May 02, 2022

How to Manage Fluctuating Mortgage Rates

You’ve heard the news. Earlier this month, the Bank of Canada raised its benchmark lending rate by 50 basis points, bringing it to 1.00%. The move was made to slow inflation. “Inflation is being driven by rising energy and food prices and supply disruptions, in combination with strong global and domestic demand," the Bank of Canada explained in their media statement. This is the first time the rates have been hiked since 2018. The cost of borrowing for various loans, including mortgages, will rise due to this increase.

And rate increases won't stop there. The Bank of Canada also indicated in their media statement that "interest rates will need to rise further." In June, many financial analysts believe the lending rate will increase by another 50 basis points. What does that mean dollar-wise? A 50-bps rate increase translates into a roughly $25 higher monthly payment per $100,000 of debt, based on a 25-year amortization.

Should you be concerned? If you're a variable mortgage holder, you could easily look at a monthly mortgage increase of $50 to $200/month. Those holding variable rate mortgages are likely to be hit first, with costs passed along days and weeks following the rate hike.

Given the current economic climate and how quickly interest rates have been climbing, choosing a mortgage that you can afford today, and tomorrow is crucial. As you may be aware, there are two types of mortgages: fixed interest rate mortgages and variable interest rate mortgages. Let’s take a look at both.

Understanding Fixed Mortgages

A fixed mortgage is one where you have the same known interest rate throughout the term of your mortgage. If you "lock-in" a rate of 4.14% for a 5-year term, you'll pay that interest rate over the next five years. No surprises. No changes to payments when interest rates increase. And best of all, easy planning for your monthly budget. In fact, in this climate, fixed-rate mortgage holders will not see an immediate impact, so we often advise our members to go for this type of mortgage.

According to research by the Mortgage Professionals of Canada in 2020, around three-quarters of mortgages in Canada were fixed, indicating that many Canadians prefer the financial certainty that comes with a locked-in rate.

Understanding Variable Mortgages

On the other hand, variable mortgages are a bit more of a gamble and where most big banks and financial institutions stand to make higher profits. With a variable mortgage, your interest rate rises and falls as Prime rises and falls. Prime is heavily influenced by the Bank of Canada's benchmark lending rate and ties our mortgage rates to economic conditions.

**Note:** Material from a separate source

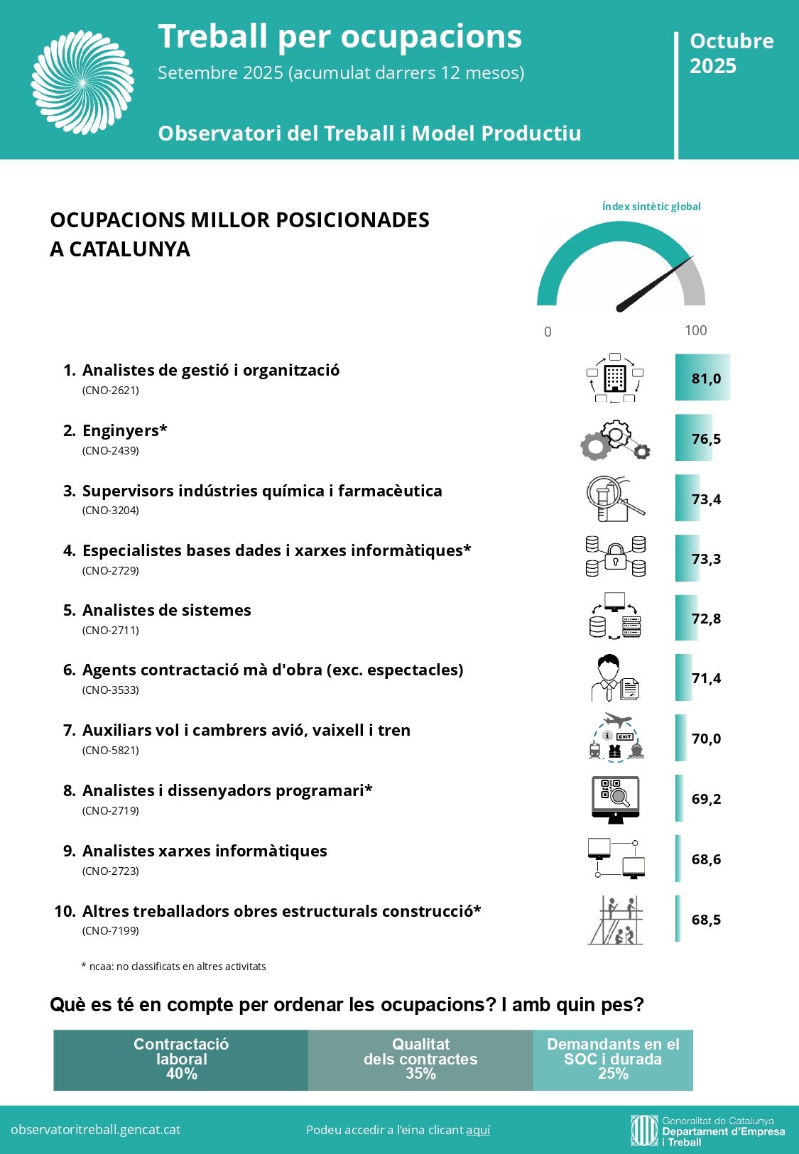 Les ocupacions millor posicionades a setembre de 2025 són els analistes de gestió i organització, els enginyers i els supervisors d’indústries química i farmacèutica. Amplia la informació aquí.

So, in an ideal, thriving, stable economic environment, you could take advantage of low interest rates. But does that really work? The issue lies in today’s environment where it feels like the rates have been climbing every week. A mortgage you could once afford could quickly become taxing on your finances.

What should you do?

We know that the choice between a fixed or variable mortgage is not an easy one. Still, this question for mortgage seekers is expected to hit a fever pitch as the Bank of Canada begins what’s expected to be a steady stream of interest-rate increases in the coming months. It is a decision that will have long-term consequences for a homeowner, and it might mean thousands of dollars in interest savings. So how do you choose? While individual preferences may vary, here is some essential advice that everyone can follow.

If you have a variable mortgage, now is the time to consider if it is worthwhile. At Innovation Credit Union, we always have our members’ backs. Our goal is to support our members and give them the best financial advice, irrespective of our revenue models or income.

Keeping the current climate in mind, we urge you to think about switching to a fixed mortgage. It could save you considerable money and stress in this rate-changing environment. A fixed mortgage rate has one valuable feature that is difficult to quantify: peace of mind. And there’s no penalty for making the change! Now that’s Responsible Banking!